Want to join the conversation?
- How do you determine a "good" multiple?(19 votes)
- To determine a good multiple for a sector, look at the median multiple of similar companies within the sector. What you will find is that higher profit margins and growth rates tend to increase a sector's median multiple vis-a-vis lower profit margin and lower growth sectors. The nature of the revenue will also have a large effect. For example, a cloud-based software company will generally have a higher multiple than a retail company because its "recurring" revenue is predictable. Multiples can also move cyclically. A good example is clean tech companies which were getting better multiples than they are today (I believe this is primarily related to investors' risk tolerances, but there are certainly other factors). If you are really interested in valuation, a good resource is Professor Aswath Damodaran of NYU. He has a website and several book dedicated to valuation topics. Hope that helps.(15 votes)
- I did not understand "the multiple" Why did Sal use a multiple of six? Does that have anything to do with the growth of the company?(17 votes)
- the multiple doesn't have to do with the growth, it is an artifact of how companies or valued, or how we determine how much companies are worth. if a company is generating $10,000 in profits this year, we would apply a certain multiple to that profit to determine how much we would pay for the company or how much we would buy the company for. i think sal just uses a very arbitrary multiple here(5 votes)
- What does Sal mean when he applies a multiple. What is a multiple?(11 votes)
- Yes, a multiple is a "rule of thumb". Here's how you would "apply" the multiple: If the best multiple for the sector is price/earnings (P/E) and investors look at the most recent year's numbers, the way to estimate how much the company is to multiply the company's earnings (a.k.a. profit) by the P/E multiple. If a company had $1 million in profit and the P/E multiple for similar companies is ~15x, the estimated worth of the company would be $15 million.(7 votes)
- However, the "Enterprise Valuing Approach" still has not solved the problem! We are still paying for Equity in company B what equals half of what we would pay for Equity in company A (i.e. $9 for B and only $18 for A)though Equity in company A in reality equals 10 times Equity in company B. So, how this approach is supposed to solve the misleading approached described in the previous video?(12 votes)

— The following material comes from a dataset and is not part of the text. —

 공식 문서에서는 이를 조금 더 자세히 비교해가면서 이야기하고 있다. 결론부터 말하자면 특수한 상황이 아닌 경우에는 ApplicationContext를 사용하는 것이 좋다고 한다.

- I have this same question/problem. I think part of our problem stems from focusing too heavily on book value and not the market price or "going concern" value. The value of a companies assets are not simply the book value of those assets. The book value of the equity in company B is 1/10th of that of company A as you said but we are trying to value the company as a going concern and not simply at liquidation value.
I don't know if this is correct; I'm still trying to work through it myself...(3 votes)

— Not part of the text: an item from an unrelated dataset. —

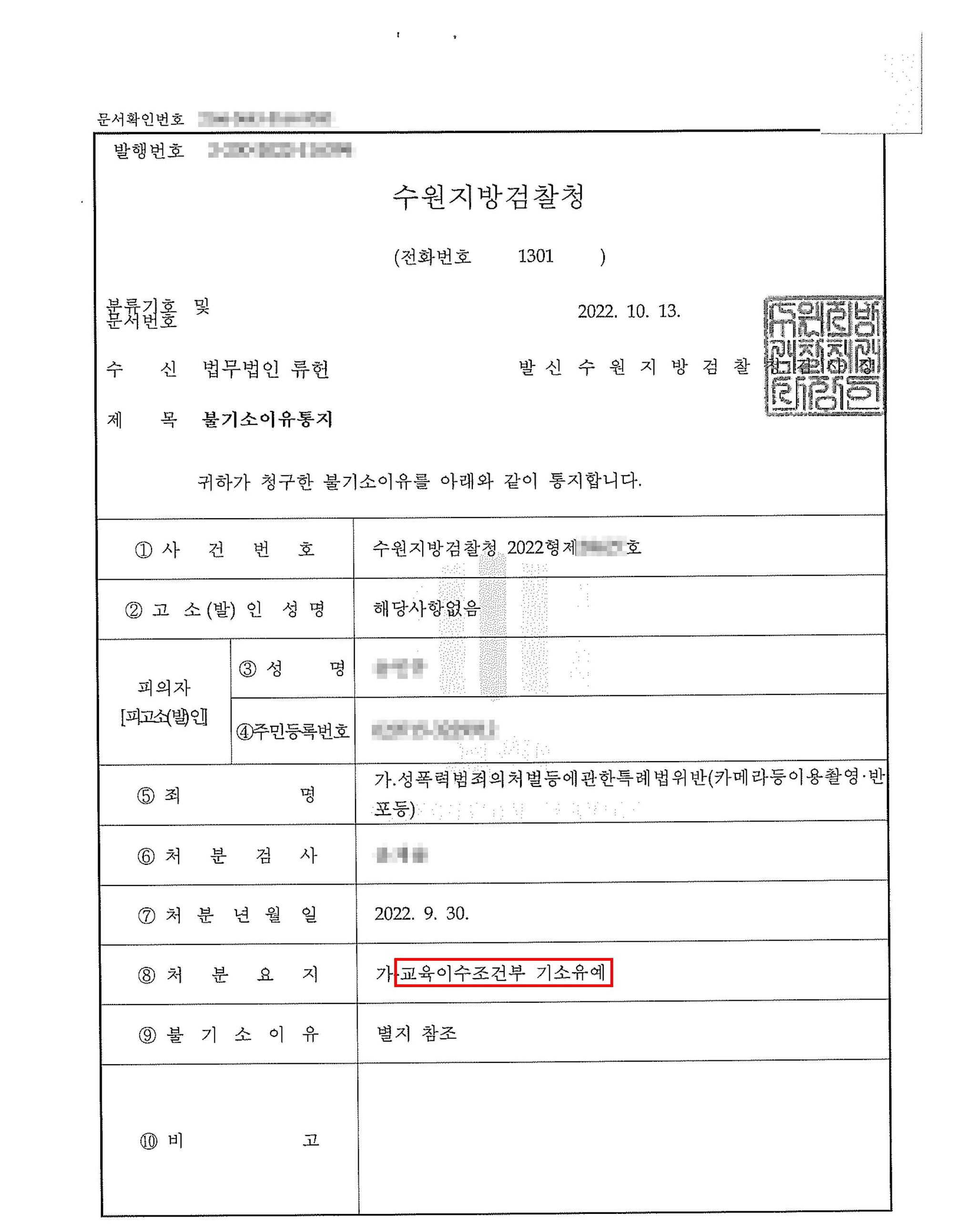 위와 같은 변호인의 주장을 받아들인 검찰은 의뢰인에게 교육이수조건부기소유예 처분을 내렸습니다. 이로써 의뢰인은 자신의 억울함을 풀 수 있었습니다.

- Hi Sal, I always wonder why people calculate Enterprise Value using Market Cap instead of Equity's book value, since the actual assets being utilized by a firm to earn an operating profit are contributed by initial book value of equity instead of what the market perceives the assets are worth.
However, some people also argue that Market Cap is used so that the future benefits of assets that will benefit the company can be measured more reliably, if so, should not the the assets utilized that are contributed by the creditors also be revalued to market value?
This is why this formula confuses me a lot, as the equity is valued at market price while the debt is valued with historical price.....?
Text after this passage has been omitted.